Five of us visited on Day 3. Ultramodern, open/high-ceiling, strikingly decorated with a white and red-orange motif, nicely contrasted with black linen napkins. Unlike other restaurants in the area, tables are not too close together, acoustics lend themselves nicely to private conversation. JD, our waiter, was a pleasure. Incredibly enthusiastic, he carefully pushed and pulled us to order the “right” items. So we were optimistic at first.
JD sold us on the night’s appetizer, a very special grilled octopus. Then he came back to give us the sad news that they ran out. We joked that the chef should come out and personally apologize. He did, lol. Unfortunately, as great as the service was the food turned out to be typical of other Patina establishments. It looked pretty to the eyes but just did not deliver in quality and flavor. The five of us ordered five appetizers, five dinners, and all 7 desserts. We all wanted to taste each other’s dishes. But since the portion sizes were microscopic (Hey JD, next time upsell on ordering extra) we went ahead and each took 1-2 bites of each dish and passed it to the next person. The plates barely made it once around the table.
Appetizers included the maryland crabcake, crusted (fried) oysters with a thai peanut sauce, peekytoe crab on tempura potato, blackcod in a miso sauce with a fried quail egg (pictured), and a carpaccio of bigeye tuna with macadamia nuts and coconut milk. The portions on all were microscopic despite prices into the teens on each.

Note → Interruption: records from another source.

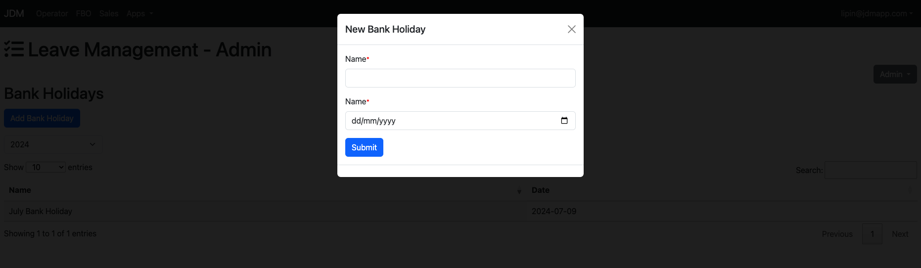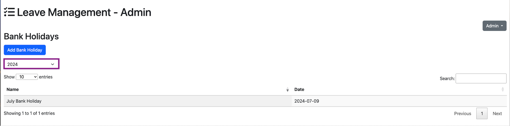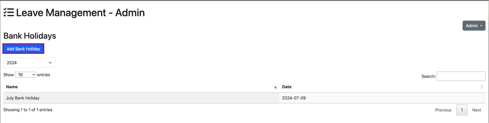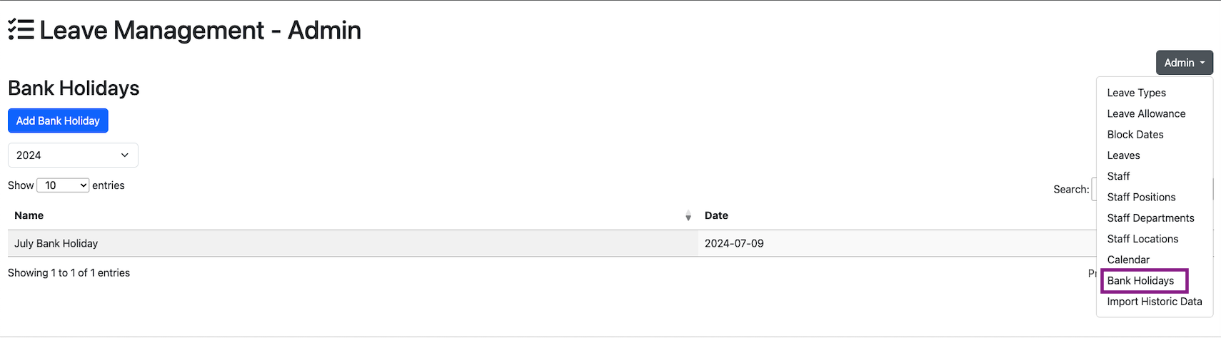 Bank holidays for a year is added from the Bank Holidays section in the admin dropdown.
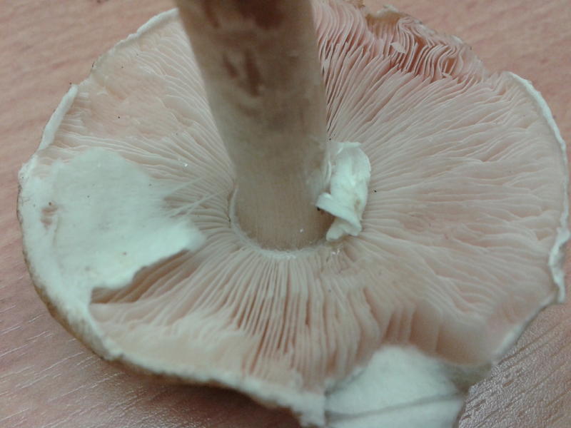 Ich vermute, gerade aufgrund der rosafarbenen Lamellen, einen Vertreter aus der Gattung Agaricus
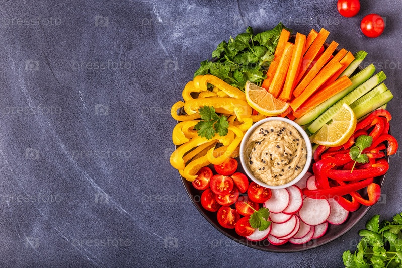 Домашний хумус со свежими овощами
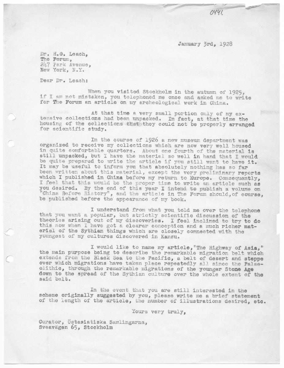 FR NER TAGER FR a s/ Eg 5 nd < a OM January 3rd, 1928 Dr. H.G. Leach, The Forum, 2117 Park Avenue, New York, N.Y. Dear Dr. Leach: When you visited Stockholm in the autum of 1925, if I am not mistaken, you telephoned me once and asked me to write for The Forum en article on my ercheologicel work in China. At that time a very small portion only of my ex- tensive collections had been unpacked. In fec...
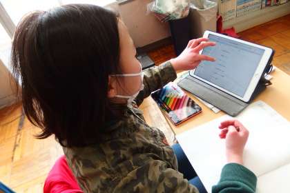 デジタルドリル(Qubena)に取り組む6年生です。
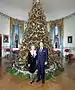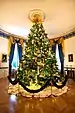 2016 | Douglas fir, Oconto, Wisconsin[49] | This Blue Room tree celebrates "We the People". It is decorated with ribbon garland featuring iconic words of the Preamble to the United States Constitution. Ornaments featured images of American families, farmers, and service members, reflecting the United States by diversity and strengthened by a shared spirit of hope and optimism.[50] | Michelle Obama | Blue Room | The Gift of the Holidays[51] |

The miso cod was the best of the group; very flavorful sauce without it being too sweet as often occurs with miso sauces.
Mains were Sauteed Skate (Pictured: greasy, way too salty), Steamed turbot (nice flavor, too salty), seared scallops with shortrib ravioli, (scallops were slightly overcooked, ravioli was too salty and did not pair well) flatiron steak, (tasteless, not a good sear) and the signature snapper (wrapped in “paper,” pictured) that tasted of ginger and not much else.
At that point, with every drop of food gone we were all quite hungry and were debating on going out to another place for dinner or just ordering all the desserts. We went for the desserts. We ordered all seven, and none were particularly memorable or that good.
The punchline was the bill. They actually overcharged us by $170. The overcharge was comprised of two orders of octopus that we never received, a mischarge for a much more expensive bottle of champagne versus the one we ordered, plus they charged us corkage on 4 bottles of wine at $20 each. We had actually only brought 2 bottles of wine, and I had gotten a phone quote of $10 corkage with it waived for each bottle purchased. And doesn’t the Patina group have a no-corkage policy in general? On the champagne, they told us they brought us the more expensive bottle but would honor the lower charge since we ordered the cheaper one. Actually, they really did bring the cheaper one. That kind of put us off.
Sadly, I am looking at the itemized bill one more time as I write this blog, and it appears they did not remove the two charges for the octopus ($18) and there is still a $20 corkage. Not cool.